Among other things, it's easier to test. Using flatMap you also get the benefit of laziness, since if the first result is empty, nothing else will be evaluated.
When you want to use multiple optionals, you always should use a combination of map and flatMap.
I'm also not using target.getEmail() and target.getName(), those should be safely extracted in createInvite method, since I don't know if they can be nulls or not.
Keeping in mind that Exceptions should not be used in this fashion,
for conciseness you can consider as well:
try {
doSomething( optional1.get(), optional2.get(), optional3.get() );
} catch( NoSuchElementException e ) {
// report, log, do nothing
}
Remember, you can define Classes and Records inline to keep the state explicit and flattened vs. nested using callbacks/closures.
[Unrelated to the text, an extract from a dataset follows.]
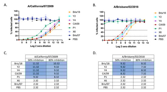 To evaluate the neutralizing activity of antibodies elicited by next generation H1N1 COBRA vaccines, a focus reduction assay was used to assess neutralizing titers against challenge virus as well as more recent circulating H1N1 viruses in vitro (Figure 5). Mice vaccinated with PBS, wild-type Bris/07 VLP, and COBRA X6 VLP vaccines did not have detectable neutralizing antibody titers against either CA/09 virus (Figure 5A) or Bris/18 virus (Figure 5B). Mice vaccinated with COBRA Y2 and Y4 VLP vaccines had high neutralizing antibody titers against both CA/09 and Bris/18 viruses. Antisera from COBRA Y2- and Y4 VLP-vaccinated mice had a log2 titer of 11.32 (50% inhibition) against CA/09 virus (Figure 5C) and log 2 of 9.32 (50% inhibition) against the Bris/18 virus (Figure 5D), which was equal to that elicited by their homologously matched HA VLP vaccines. However, mice vaccinated with the COBRA P1 VLP vaccine had high neutralizing titer (50% and 80% inhibition) against the CA/09 virus (Figure 5A,C), but no detectable neutralizing antibody titer against Bris/18 virus (Figure 5B,D). Neutralizing antibodies elicited by the CA/09 vaccine had high cross reactivity with those induced by Bris/18 vaccine. The mice vaccinated with CA/09 had a lower log2 (50% and 80% inhibition) titer against the Bris/18 virus than those in mice vaccinated with the Bris/18 vaccine (Figure 5D), while Y2 and Y4 VLP elicited neutralizing antibody titers against the CA/09 and Bris/18 viruses that were equivalent to those elicited by their homologous vaccines.

It might seem a bit overkill for a small example like this, but it really helps when each nested 'chain' ends up doing work.
For example, given your 3 Optionals using lombok:
#Value #With class Temp {User target; String source; String eventName;}
maybeTarget
.map(target -> new Temp(target, null, null))
.flatMap(tmp -> maybeSourceName.map(tmp::withSource))
.flatMap(tmp -> maybeEventName.map(tmp::withEventName))
.ifPresent(tmp -> System.out.printf("Hi %s, %s has invited you to %s%n", tmp.target.getName(), tmp.source, tmp.eventName));
You can do the same w/records but you'll have to do a bit more work since you have to copy everything by hand:
record TempRecord(User target, String source, String eventName) {}
maybeTarget
.map(target -> new TempRecord(target, null, null))
.flatMap(tmp -> maybeSourceName.map(source -> new TempRecord(tmp.target, source, null)))
.flatMap(tmp -> maybeEventName.map(eventName -> new TempRecord(tmp.target, tmp.source, eventName)))
.ifPresent(tmp -> System.out.printf("Hi %s, %s has invited you to %s%n", tmp.target.getName(), tmp.source, tmp.eventName));
I've tried to keep the data immutable and functions pure.